А, вот и еще одно обстоятельство! Он был очарован и покорен королевой, но потом бежал от нее и встретил Шарлен, и теперь уже образ королевы не имел над ним той власти. Шарлен была теперь за кем-то замужем, так все это было кончено — но его сердце отказывалось признавать это. Оно все еще желало эту женщину. Он бы никогда не оставил ее, если бы не думал, что умрет. Тогда он не хотел, чтобы ее имя связывали с его именем, чтобы ее тоже не убили. Он был с ней, потому что любил ее, и оставил ее по той же причине. Так что на самом деле не имело значения, была ли Занаан плохой или хорошей; он потерял влечение к ее образу.
Ирония заключалась в том, что Занаан, теперь освобожденная от своего злого мужа, была рядом, а Шарлен — далеко. Лучше было бы, если бы он остался здесь и держался подальше от того мира. От его возвращения в другое измерение выйдет только несчастье.
Ноги Джона бессознательно подвели его к закрытой двери. Он нерешительно остановился. Он знал, чья это была дверь, но ему больше не хотелось в нее стучаться.

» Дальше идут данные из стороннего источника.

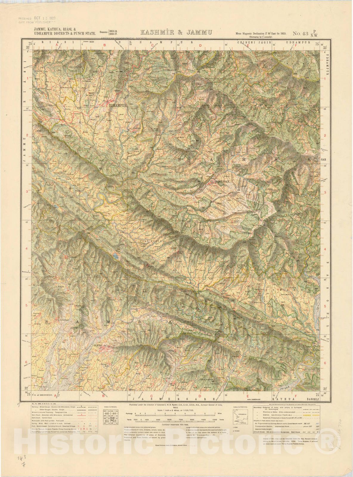 Map : Jammu, Kathua, Riasi & Udhampur Districts & Punch State, Kashmir & Jammu, No. 43 P/N.W. 1922, India 1:126,720, Antique Vintage Reproduction

Потом он услышал за дверью голоса.
Голос Занаан:
— О, мой милый, я знаю, что ты дал ей слово и не хотел обижать ее, но…
Мужской голос:
— Это верно. Я так и сделал. Я многим был ей обязан и когда-то думал, что люблю ее, но все изменилось после того, как я встретил тебя. А теперь и Кайан вернулся, и она думает только о нем и хочет только его.
— О, да! Да, так и есть, я знаю! Это можно было видеть по ее глазам. Я думала, что она любит тебя, но когда она увидела его, я все поняла. А этот идиот продолжает отказываться от нее, и верно, что у самого Гадема нет такого гнева, как у…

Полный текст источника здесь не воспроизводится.